You are viewing a plain text version of this content. The canonical link for it is here.
Posted to commits@lucene.apache.org by jp...@apache.org on 2023/03/31 13:07:56 UTC

[lucene] branch main updated: Adjust DWPT pool concurrency to the number of cores. (#12216)

This is an automated email from the ASF dual-hosted git repository.

jpountz pushed a commit to branch main
in repository https://gitbox.apache.org/repos/asf/lucene.git


The following commit(s) were added to refs/heads/main by this push:
     new 56e65919b18 Adjust DWPT pool concurrency to the number of cores. (#12216)
56e65919b18 is described below

commit 56e65919b18dccb368d080cf9188080727bd63f1
Author: Adrien Grand <jp...@gmail.com>
AuthorDate: Fri Mar 31 15:07:48 2023 +0200

    Adjust DWPT pool concurrency to the number of cores. (#12216)
    
    After upgrading Elasticsearch to a recent Lucene snapshot, we observed a few
    indexing slowdowns when indexing with low numbers of cores.
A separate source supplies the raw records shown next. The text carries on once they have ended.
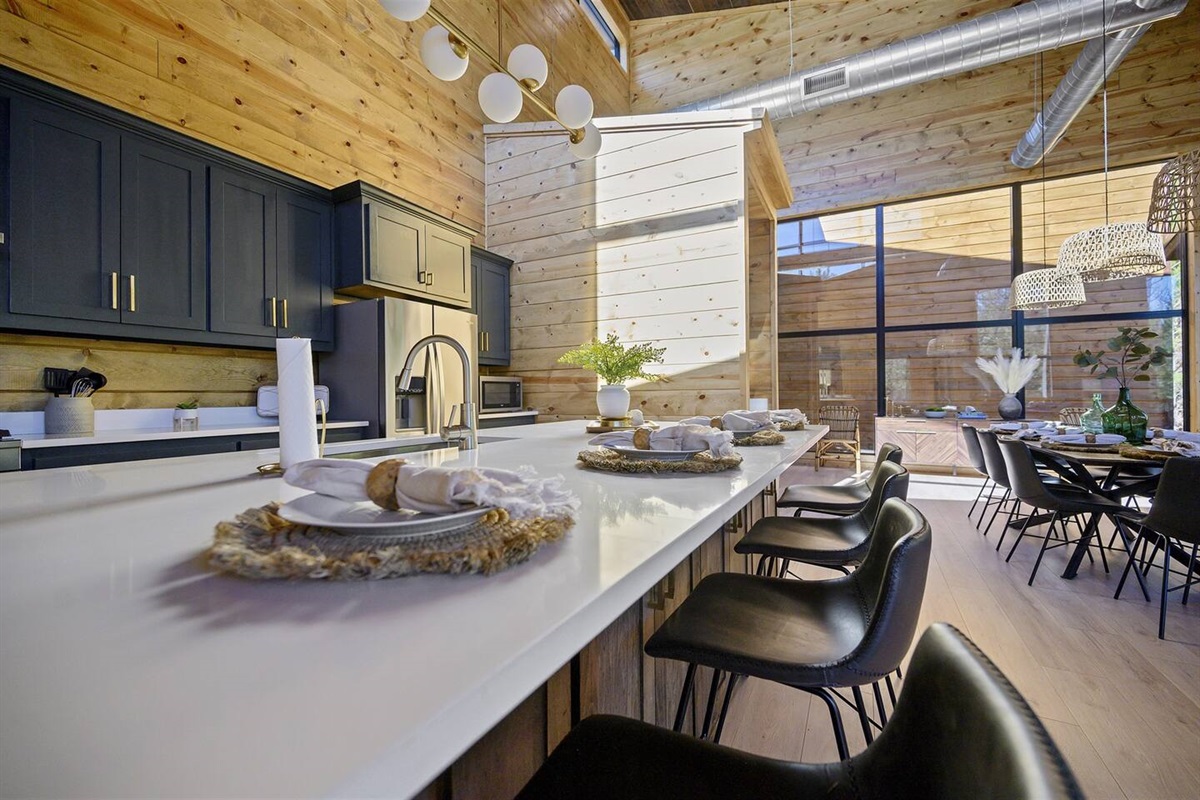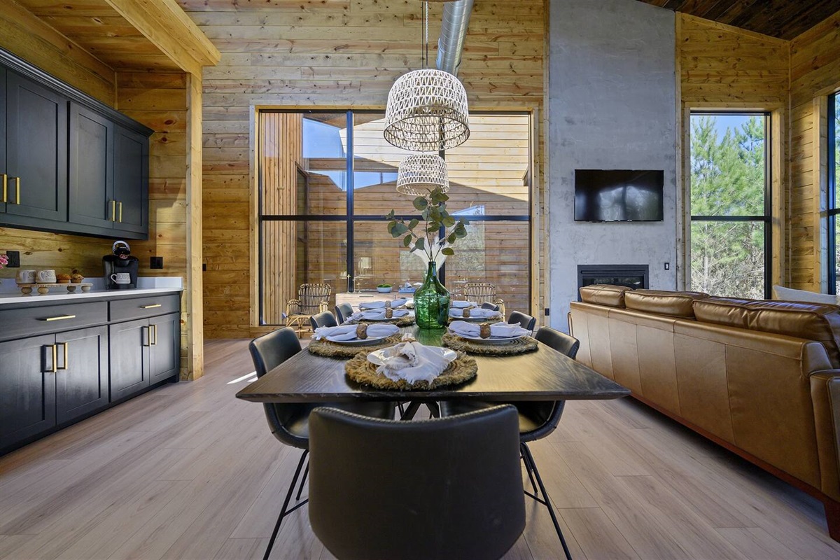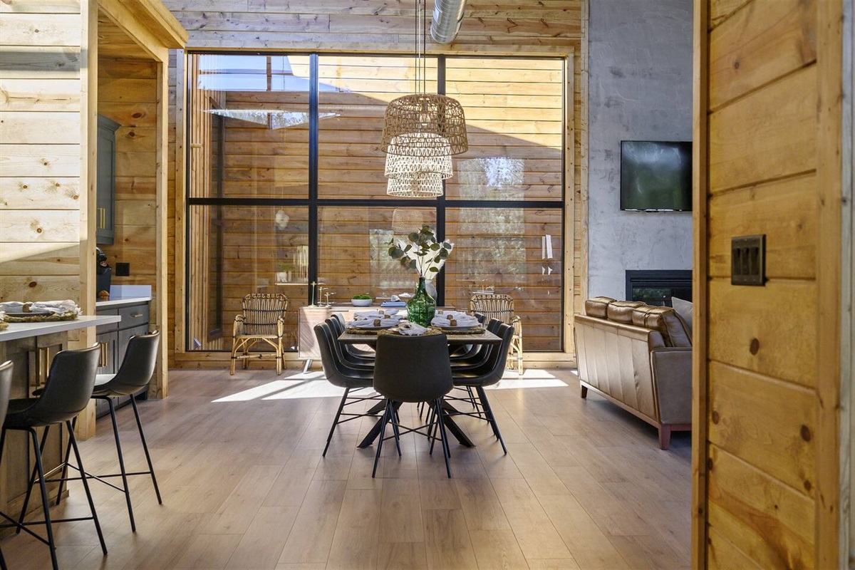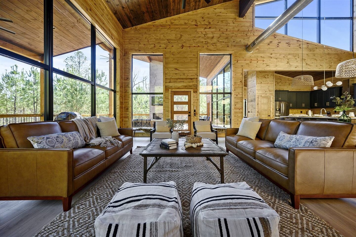 As you step into the main living area, you'll be captivated by the breathtaking views of pine trees through floor-to-ceiling glass windows. Enjoy 180 degrees of pure nature and tranquility. Positioned at the end of the road, the cabin offers unparalleled privacy, with only the gentle breeze through the trees. The cabin's open concept kitchen, living, and dining area is perfect for group gatherings, featuring 30-foot floor-to-ceiling windows that provide breathtaking views of the surrounding pine trees.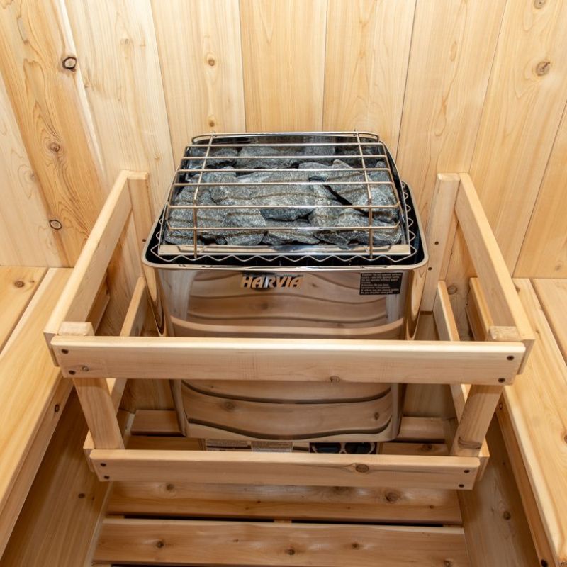 This compact barrel design heats quickly and promotes efficient air circulation for a consistent, comfortable session. Complete with a flat floor, solid cedar benches, and a pre-hung bronze tempered glass door, the Harmony CTC22 arrives as a ready-to-assemble kit for easy setup in any backyard or outdoor space.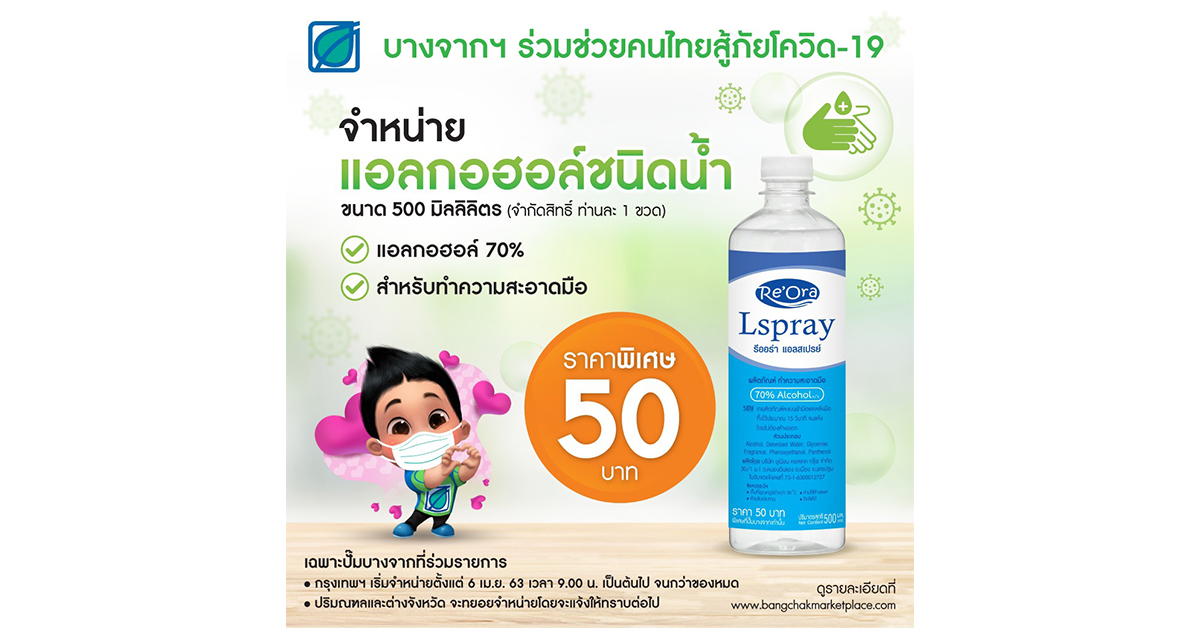 มิติหุ้น-บริษัท บางจาก คอร์ปอเรชั่น จำกัด (มหาชน) จะจำหน่ายแอลกอฮอล์ทำความสะอาดชนิดน้ำสำหรับทำความสะอาด ผลิตจากเอทานอลของ BBGI บริษัทในกลุ่มบางจากฯ จำหน่ายให้ประชาชนในราคาพิเศษ ขนาด 500 มิลลิลิตรเพียงขวดละ 50 บาท ที่สถานีบริการน้ำมันบางจากประมาณ 1,150 สาขา ครอบคลุมทุกภูมิภาคทั่วประเทศ โดยจะเริ่มจำหน่ายในพื้นที่กรุงเทพฯ ตั้งแต่วันที่ 6 เมษายน 2563 ตั้งแต่เวลา 09.00 น. เป็นต้นไป (จนกว่าของจะหมด) และจะทยอยจำหน่ายในปริมณฑลและต่างจังหวัดโดยจะแจ้งให้ทราบต่อไป ตรวจสอบสถานีบริการน้ำมันบางจากที่ร่วมรายการและวันที่จำหน่ายได้ที่ www.bangchakmarketplace.com หรือ call center 1651

This appears to be
    due to the fact that we lost too much of the bias towards larger DWPTs in
    apache/lucene#12199. This change tries to add back more ordering by adjusting
    the concurrency of `DWPTPool` to the number of cores that are available on the
    local node.
---
 .../index/ConcurrentApproximatePriorityQueue.java  | 62 +++++++++++++++-------
 .../TestConcurrentApproximatePriorityQueue.java    | 20 +++++--
 2 files changed, 60 insertions(+), 22 deletions(-)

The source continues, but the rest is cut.